Accelerating Earnings

Earnings Revisions

Apple (AAPL)

Green Mountain Coffee (GMCR)



As a value investor, I shy away from jumping in and out of the stock market. But after getting hit hard by extended stock market swoons, I decided it was time to develop a system to protect my gains and reduce my losses.

I needed a simple system to tell me when to buy and when to sell. My solution: estimate undervalue and overvalue ranges for the Dow Jones Industrial Average. For example, if the Dow is at 15,000, the stock market is probably overvalued. Or if the Dow is 11,000, it’s undervalued.

Today, the stock market is approaching a slightly overvalued level, which, if reached, will trigger a signal for me to start selling some stocks to reduce risk. I was signaled most recently on August 9, 2011 when the Dow Jones Industrial Average dropped below my undervalue level of 10,711. At this time, I advised my subscribers to become fully invested in stocks because the market was clearly undervalued.

That was a pretty good call. In those six months, the Dow climbed 20% and other indexes climbed even more! Beginner’s luck? I don’t think so, because it was the third time I received a good signal from my system. So I’ll pay close attention to the Dow during the next few weeks to see if I receive a clear signal to shrink our stock allocation to reduce risk, even though the market appears to be headed a lot higher. You can easily receive my stock market buy and sell advice by subscribing to the Cabot Benjamin Graham Value Letter here.
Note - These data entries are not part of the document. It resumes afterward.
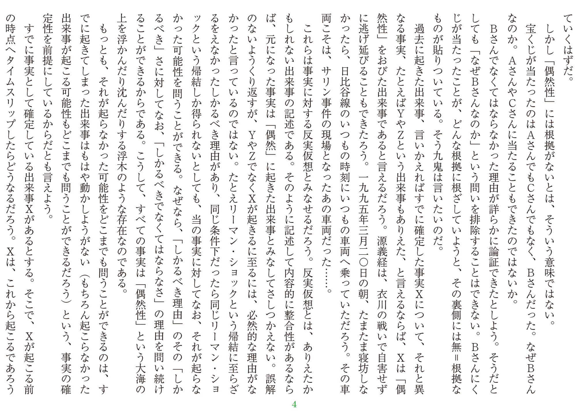 〝出来事〟はどうしようもなく、取り返しようもなく起こる。しかし緻密に分析していけば、それは〝偶然〟ではなく〝必然〟だったと考えることができる。だが本当にそうだろうか。〝出来事〟は〝偶然〟も必然〟も超えた決定的衝撃なのではあるまいか――〝「必然」と「偶然」、「此岸」と「彼岸」とが交わるパラドキシカルな時空〟ではないのか。自らの内に原罪を抱え、文学と哲学に救済を求める作家の新評論連載!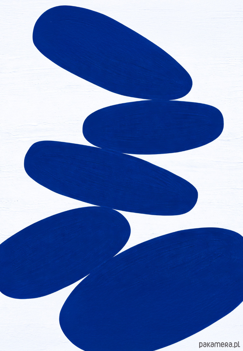 Granatowe formy zawieszone w bezruchu — jakby odbite z natury, ale przefiltrowane przez język współczesnej sztuki. Ten plakat to manifest równowagi i minimalizmu. Sześć organicznych kształtów przypomina kamienie ułożone jeden na drugim, jak zenowska wieża z balansu, która może runąć albo trwać — zależnie od tego, kto patrzy.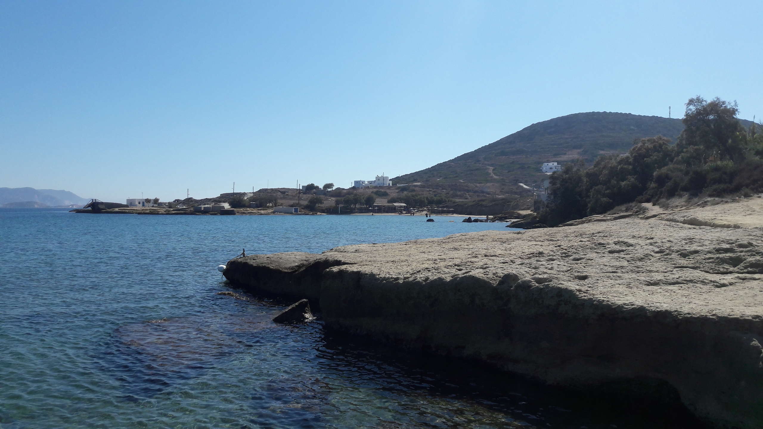 Papafragas possède une côte très découpée formant des cavités et petites criques. Pollonia est une station balnéaire avec un port et plusieurs petites plages.

I usually recommend stocks using my fundamental undervalue/overvalue system–Dow undervalue/overvalue signals are derived from my fundamental approach. But today, I’d like to tell you about another simple system based on earnings momentum and earnings revisions.

According to Zacks Investment Research (www.zacks.com), “Earnings estimate revisions are the most powerful force impacting stock prices. The Zacks Rank takes advantage of changes in estimates to help investors become more profitable. Since 1988, a portfolio constructed of Zacks #1 Ranked stocks has generated an average annual return of 26%.”

Zacks lists over 200 stocks with #1 rankings, so I reduce the list by finding which Zacks top-ranked stocks are also ranked high by an earnings momentum measure. IBD (Investor’s Business Daily; www.investors.com) has a ranking system to measure earnings momentum. According to an independent study of more than 50 leading strategies by the American Association of Individual Investors (AAII) from January 1998 through December 2010, the IBD system gained 2,487% compared to a gain of just 30% for the Standard & Poor’s 500 Index. The IBD system is based on earnings momentum, stock price momentum and other factors.

Using two systems to find stocks doesn’t work unless the systems are complimentary. Zacks and IBD are complimentary, and when both are used the results can be extraordinary. Find stocks that are top-ranked in both systems and buy them!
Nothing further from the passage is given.